The first awards presentation ceremony will be held Nov 13, the first night of the annual conference of Screen Producers Association of Australia. The awards will eventually travel from city to city in a huge footprint including Iran, Afghanistan, Tokyo and Fiji.
Queensland Events Corporation have been planning the awards for three years. It principally stages big sporting events.
'As someone with a love of film, I have long felt that film-makers in the part of the world I share are disadvantaged without the promotional might of Hollywood through its two biggest events, the Academy Awards and the Golden Globes,' said Queensland Events chair Des Power, a former Brisbane International Film Festival chair who written and produced feature films.
Power discussed forming partnerships with the Hollywood Foreign Press Association, which runs the Golden Globes, and the Asia Pacific Broadcasting Union, but eventually decided that they would create the organisational infrastructure themselves, providing they could get a broadcaster to give the event scale.
The charter is now being developed with the international producers' association FIAPF and the initiative has the endorsement of UNESCO - one of probably 10 awards will be billed as a UNESCO honour. A nine-person nominations council and a five-person jury, likely to include at least one person from outside the region, will be known in the next month or two.
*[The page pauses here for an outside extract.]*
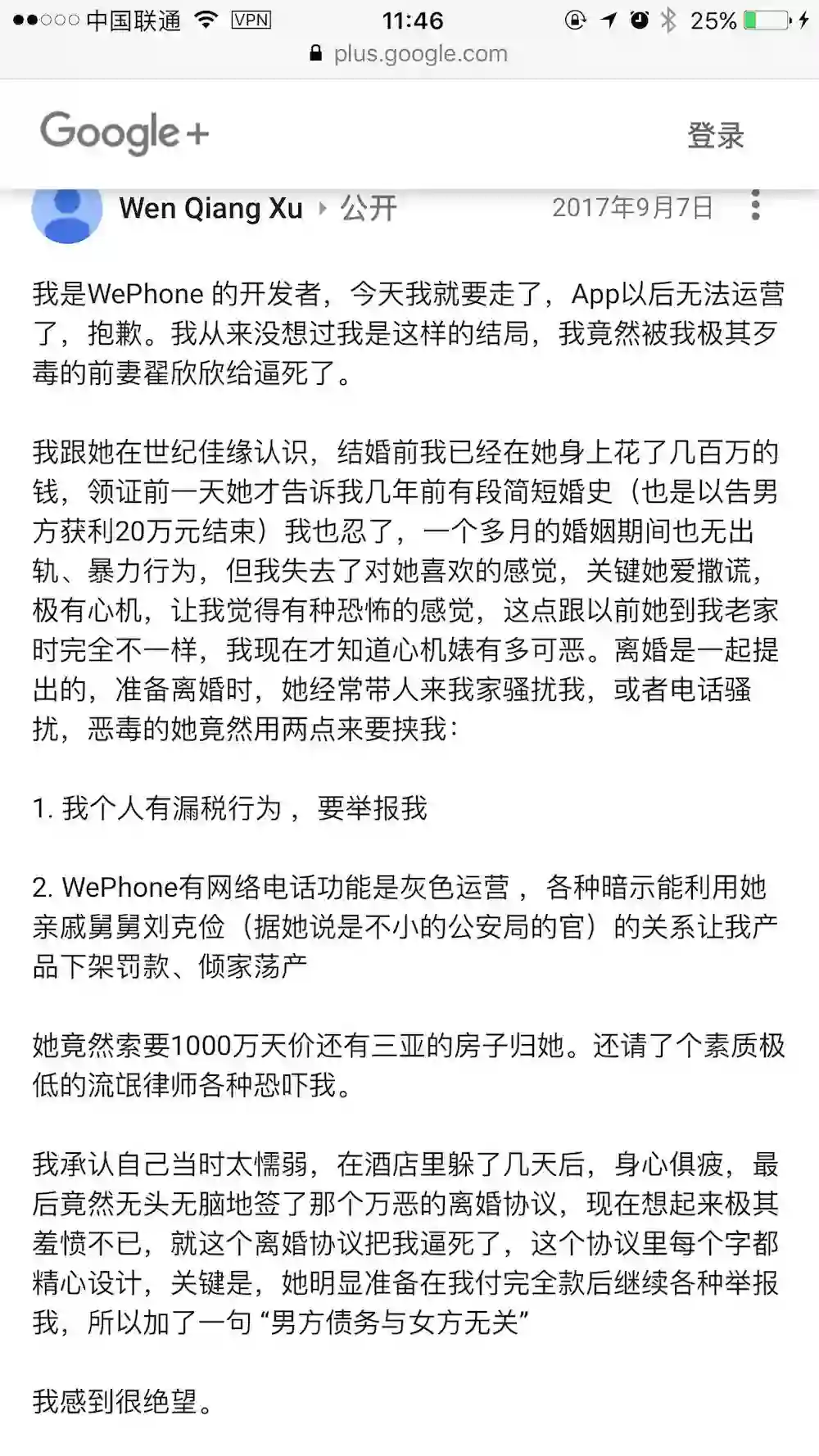 鉴于逝者的遗书等重要证据保留在Google+,我们尚不知道是否有书面文件,如果没有,调查和取证将遇到一些麻烦。我们呼吁谷歌中国公司关注此事,并在必要时给予逝者家人和警方必要的协助。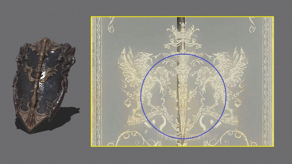 To complement these abilities, a straight sword was forged and blessed to contain comparable holy magic. This manifests in the the blade’s skill, unleashing sacred light named for its intended wielder. Such power is probably the reason that the sword is platinum, literally “white metal”, (白金) much like how Anor Londo infused holy magic to create white iron in the original Dark Souls. Regardless, it was an armament worthy of the future Holy King of Kindling. Indeed, the holy sword was forged expressly for his mission, according to its description. Its design was also clearly based on the sword emblazoned at the center of the kingdom’s coat of arms. Once he grew old and healthy enough to wield the faith-dependent blade, the prince would represent his namesake with all the strength only a sanctified servant of the gods could muster.

Power has met with literally hundreds of people in countries across the globe as part of planning these awards.
Queensland Premier Peter Beattie especially emphasized the cultural aspects of the awards during his speech: 'The initiative has the support of UNESCO who see film as possibly the most powerful influence on cultural change but also the means by which we can best preserve our respective cultures, learn about one another and develop greater understanding.'
Filmmakers Clara Law and Rolf de Heer both spoke in support of the awards at the launch, which was held at Brisbane's impresssive new Gallery of Modern Art.
'We share the same humanity but at the same time have our differences. It would be great if we could understand those differences and make the world a better place,' said Law. During her speech she also questioned whether film critics should review films from cultures they know nothing about.